Kedua, keberpihakan sektor riil dengan mempercepat reformasi struktural guna pengembangan
industri domestik. Pemerintah merespons kebijakan jangka pendek dengan tetap memperhatikan
kebijakan yang bersifat struktural dan berdimensi panjang. Di antaranya, dengan menginisiasi
omnibus law RUU Cipta kerja dan perpajakan.

Kementerian Perdagangan perlu melakukan relaksasi bagi kebijakan impor bahan baku untuk
kebutuhan industri. Penyebaran wabah virus korona telah membuat operasional banyak
perusahaan menjadi terganggu karena kekurangan bahan baku baik impor maupun dalam negeri.
Apabila tak segera direspons dengan baik, pada akhirnya akan membuat sektor produksi turut
terhambat. Hal itu berimplikasi pada meningkatnya harga yang nantinya bakal menaikkan tingkat
inflasi.

Ketiga, kebijakan moneter dan makro prudential melalui kebijakan akomodatif, operasi moneter
mendukung ketersediaan likuiditas, dan menjaga stabilitas nilai tukar dan suku bunga. Bank
Indonesia sudah bergerak cepat dengan mengeluarkan langkah lanjutan penguatan kebijakan
menurunkan suku bunga acuan.
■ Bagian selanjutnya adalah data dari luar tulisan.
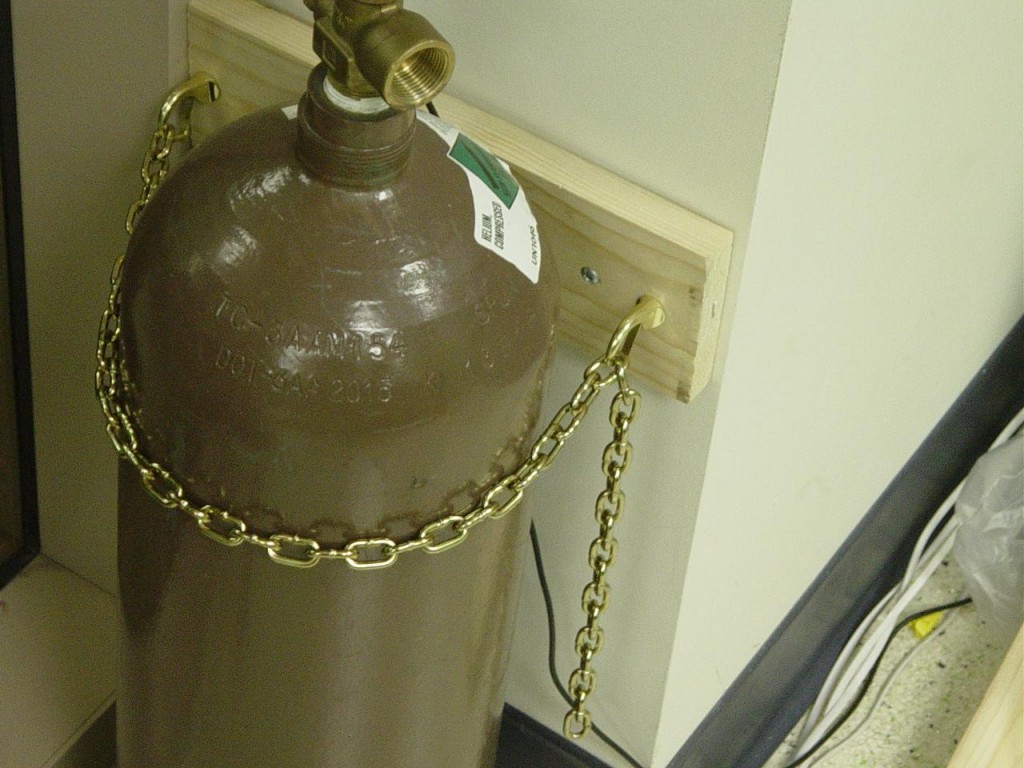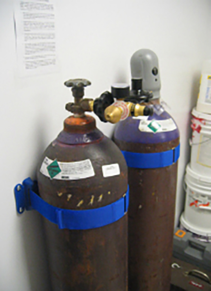 If you’d prefer to keep your tanks mobile, you can purchase floor stands that are designed specifically for compressed gas cylinders. The brackets for properly securing compressed gas cylinders can be found online through supply warehouses, or you can go to your local hardware store and purchase the materials and secure the tanks yourself (view the photos below to see examples of properly secured tanks).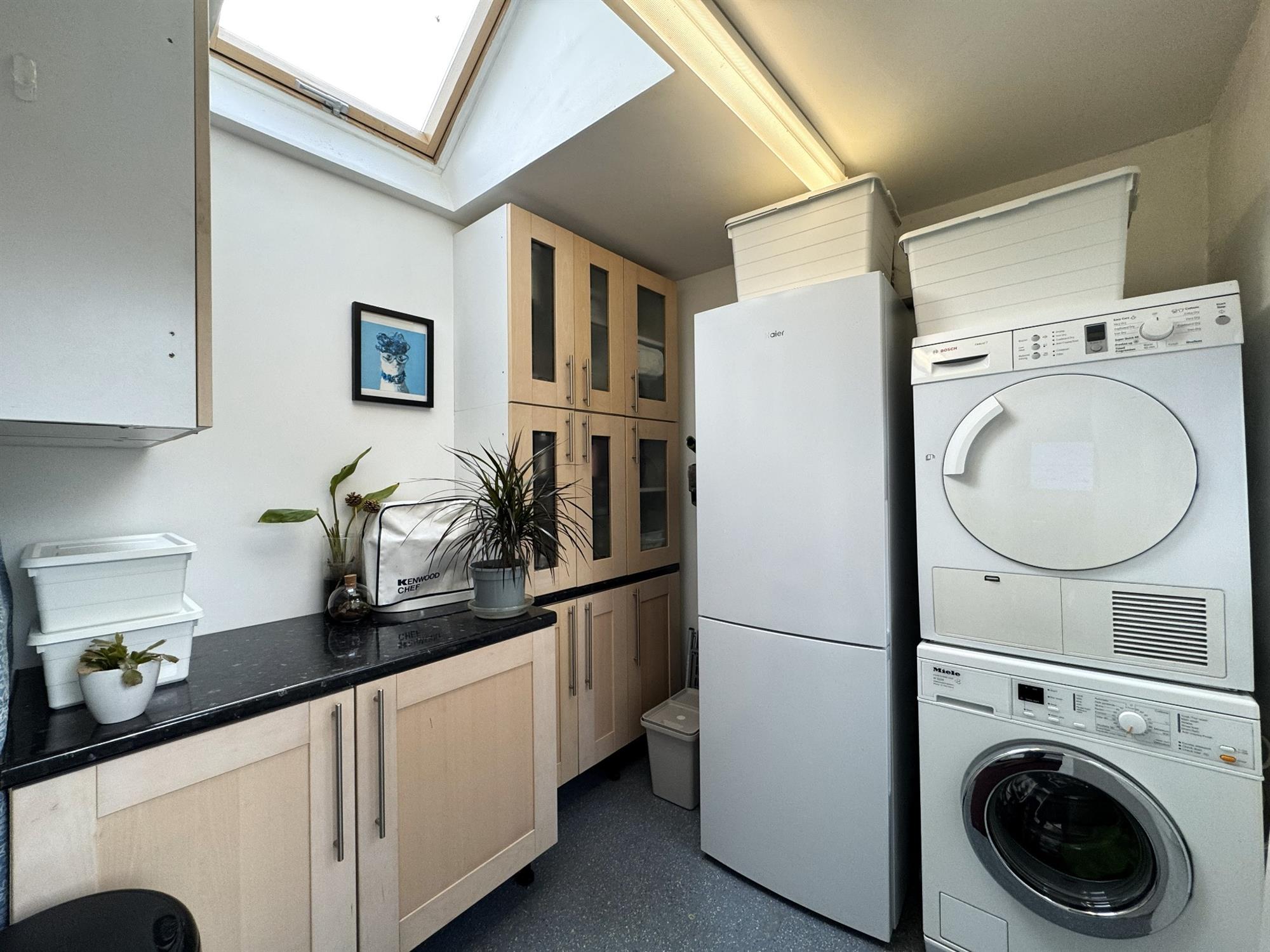 Double glazed Velux window to side aspect, a range of base and eye level units, space for washing machine and tumble dryer, smooth finish to ceiling, uPVC double glazed door to garden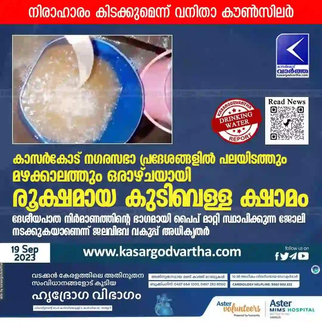 Drinking Water | കാസർകോട് നഗരസഭയിൽ പലയിടത്തും മഴക്കാലത്തും ഒരാഴ്ചയായി രൂക്ഷമായ കുടിവെള്ള ക്ഷാമം; ദേശീയപാത നിർമാണത്തിൻ്റെ ഭാഗമായി പൈപ് മാറ്റി സ്ഥാപിക്കുന്ന ജോലി നടക്കുകയാണെന്ന് ജലവിഭവ വകുപ്പ് അധികൃതർ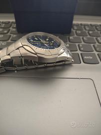 Seiko cronografo 100 metri in ottime condizioni solo con qualche leggero segno di uso.Viene venduto con scatola generica e senza istruzioni.In caso di uso in acqua va verificato la tenuta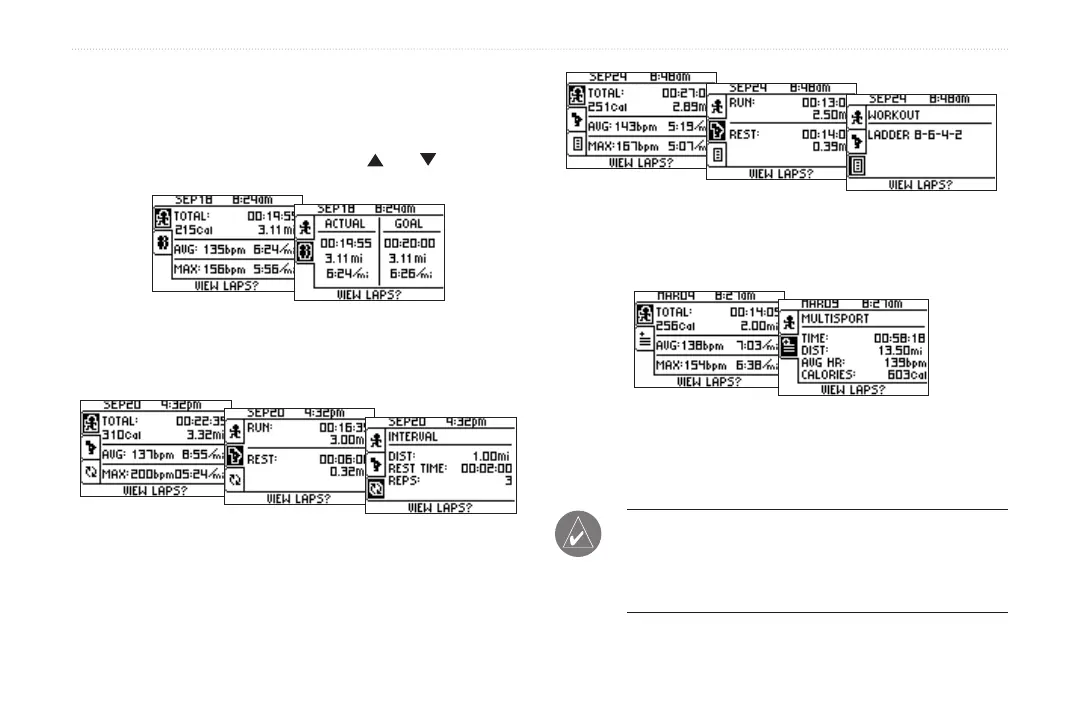 NOTE: To view workout details for each sport in a

OJK juga melakukan pelonggaran bauran kebijakan untuk
membantu sektor-sektor keuangan yang terdampak.

Keempat, Kebijakan sektor keuangan melalui upaya tetap menjaga kepercayaan, menjaga
likuiditas, dan memperkuat ketahanan.
Kita sama-sama berharap dan tetap berfikir positif serta optimistis virus korona ini tidak terlalu
lama. Mitigasi risiko yang dilakukan pemerintah harus diimbangi dengan upaya optimal dalam
mengatasi musuh terbesar masyarakat Indonesia saat ini, yaitu rasa ketakutan dan kepanikan.

Komunikasi pemerintah yang cepat dan tepat perlu dilakukan. Terutama, terkait langkah-langkah
yang diambil untuk menurunkan risiko penyebaran dan percepatan penanganan penderita covid-
19. Serta, menjaga stabilitas harga dan ketersediaan kebutuhan masyarakat.